Unfortunately, so far, your reasoning is essentially *circular*, and that's
not a good thing in reasoning, because it divorces the whole procedure from
reality and make it independent of truth. Conclusions of circular arguments
may or may not be true, but, if they are, we can't tell it from circular
reasoning.
That is, your position (and your criticisms of the views of others) rest on
the *presumption* that there is intelligence involved. This is why you use
the word "choice" when a better description would be simply that something
*happened*. Describing a genetic change as driven by choice without first
*establishing* that choice is involved is clearly invalid. Yet, sadly, you
do this routinely, as in the examples in your remarks above.
The entire line of reasoning is unsound, and cannot be *made* sound. Your
conclusions require a different *kind* of support than what you have so far
offered. The burden of proof does not go away simply because it doesn't
occur to you (it seems) to ask whether a particular genetic event really
*is* a matter of choice, or simply a matter of the local physical causal
conditions at the time of DNA-replication. And yet, I suspect you would not
attribute choice to a rock that happens to come loose from its location on
a mountain-side and fall. --So why do you attribute choice to the behavior
of the DNA-replication process?
I don't know. That you do this is a mystery, because none of the reasons
that I know of that you have offered are strongly supportive of the
conclusion, because they are not true, or because you have no valid
reasoning to connect the facts specified to the conclusion, or both. Some
of the problems in your reasoning are indicated above, and in my remarks on
the oddly off-base analogy that I was commenting on, and in similar remarks
you've made in past posts.
Ultimately, by the way, the PC analogy is not a good one at all, because it
requires too much fiddling to make it good. By the time it is made sound,
it is too far from the normal situation with respect to PCs and technology
generally to be valuable as a means of making points with respect to
evolution. One of my points was that your initial version of it was clearly
invalid, and that, as changes were made to make it more representative of
the real world situation in biology, the less its value in criticizing NET.
I hope that, for your next analogy of that general type, you will ask
yourself whether it really *does* represent any significant principle or
claim of NET. If it doesn't, perhaps all you need is a different analogy,
but perhaps also you need to consider whether it is *possible* to make such
an analogy that both seems to support your claims *and* is genuinely
representative of NET. I doubt *very* much that you (or anyone) can do
this, and the many failed past attempts at doing just this seem to suggest
that it's because there is more wrong than merely the failure to find just
the right analogy.

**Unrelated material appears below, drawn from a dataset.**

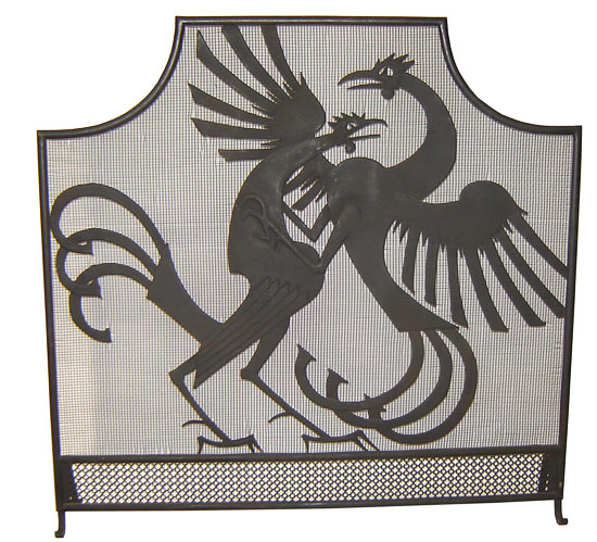 A dynamic American art deco iron fire screen in the style of William Hurt Diederich (1884-1953). The screen, which is from the 1920’s, features two fighting cocks on a mesh background above a chain-link border. The wrought iron surround sets on simple arched feet. The screen measures 40” wide and is 39” high.

What it suggests is that there *is* no such analogy, and
that this is true because the conclusion you are trying to support with
these analogies is false.
That is, you are trying to indicate why, in your opinion, beneficial
changes cannot occur by chance, and perhaps the analogies intended to show
this fail because it is simply not true that they cannot occur by chance.
It *may* be that intelligence is involved in such changes, but it the
analogies that you have used do not support this conclusion because they
are misrepresentative of the situations to which they are to apply. It
seems clear that, unless we posit something to *prevent* beneficial
changes, then they *can* occur by "chance" (i.e., without intelligent
direction). If they *couldn't*, then such changes could not possibly all be
chance changes. Put another way, *if* such modifications occur by chance,
then some of them *must* be beneficial, because, by definition of "chance,"
there could be nothing to prevent beneficial changes from occurring. It is
logically impossible, mathematically, that *only* harmful or neutral
changes could occur by chance, if beneficial changes are possible at all.